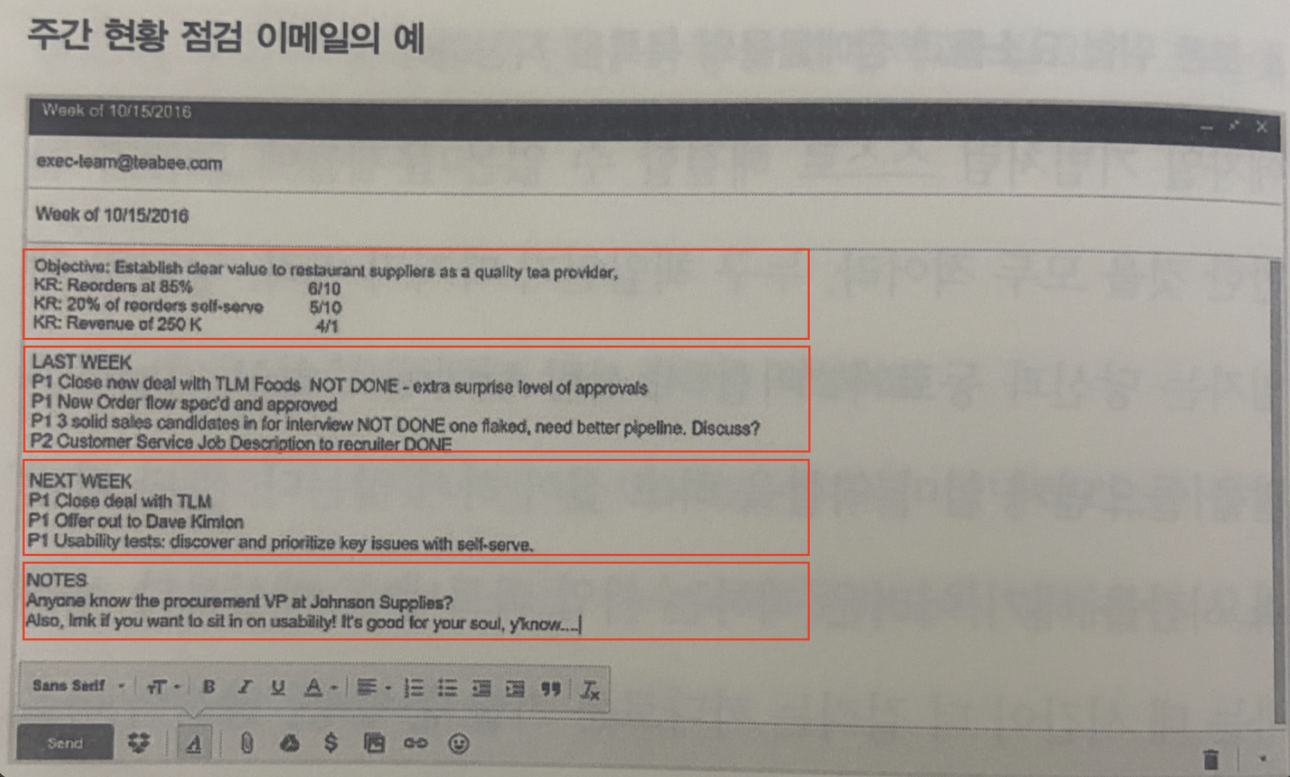 OKR 섹션에서 가장 인상깊은 항목은 KR 달성 여부에 대한 자신감 점수를 10점 기준에 5점 (50%)로 정하고 트래킹 한다는 내용이다. 매주 진행상황을 점검하며 자신감 점수가 올라갔는지, 내려갔는지를 점수로 표기하고 그 이유를 논의한다.
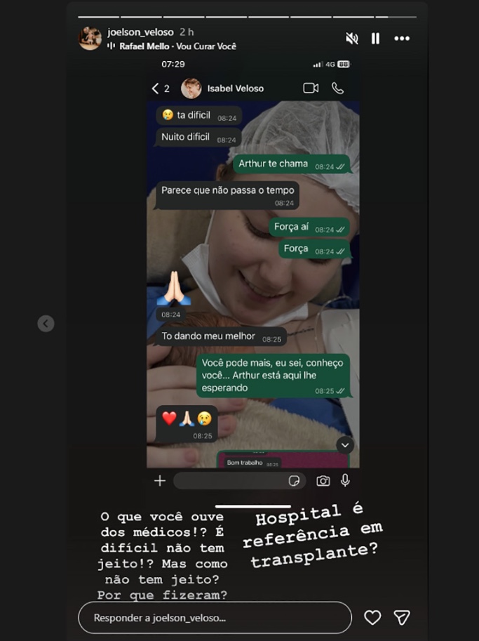 Ao compartilhar as mensagens, Joelson fez um desabafo e questionou a condução do atendimento médico. “Não deram a devida atenção para exames”, escreveu. Em outra publicação, ele afirmou não compreender como um hospital de referência em transplantes teria seguido com o procedimento diante das complicações enfrentadas pela filha.
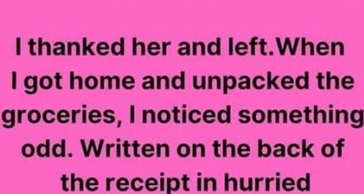 When I got home and unpacked the groceries, I noticed something odd. Written on the back of the receipt in hurried handwriting was: “Check your tires. Someone slashed mine in this parking lot.”
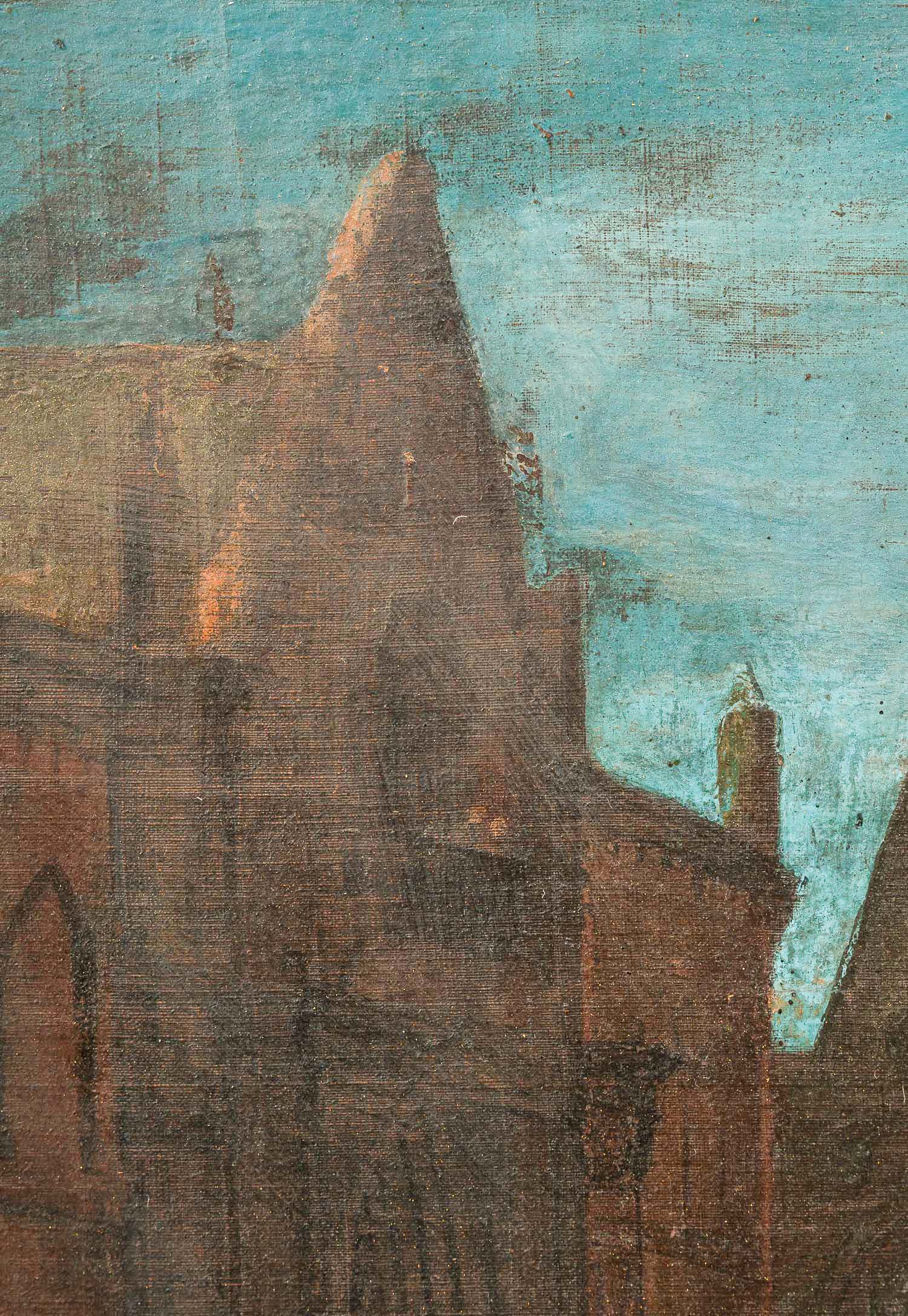Giovanni Migliara ( 1785 – 1837 ) – Attributed, Visitors by a church , oil on canvas, framed. 48 x 37 cm

| WHAT YOU WILL DO |
First drop every picture, then print the data above exactly as it stands.

| EXPECTED ANSWER |
 OKR 섹션에서 가장 인상깊은 항목은 KR 달성 여부에 대한 자신감 점수를 10점 기준에 5점 (50%)로 정하고 트래킹 한다는 내용이다. 매주 진행상황을 점검하며 자신감 점수가 올라갔는지, 내려갔는지를 점수로 표기하고 그 이유를 논의한다.
 Ao compartilhar as mensagens, Joelson fez um desabafo e questionou a condução do atendimento médico. “Não deram a devida atenção para exames”, escreveu. Em outra publicação, ele afirmou não compreender como um hospital de referência em transplantes teria seguido com o procedimento diante das complicações enfrentadas pela filha.
 When I got home and unpacked the groceries, I noticed something odd. Written on the back of the receipt in hurried handwriting was: “Check your tires. Someone slashed mine in this parking lot.”
Giovanni Migliara ( 1785 – 1837 ) – Attributed, Visitors by a church , oil on canvas, framed. 48 x 37 cm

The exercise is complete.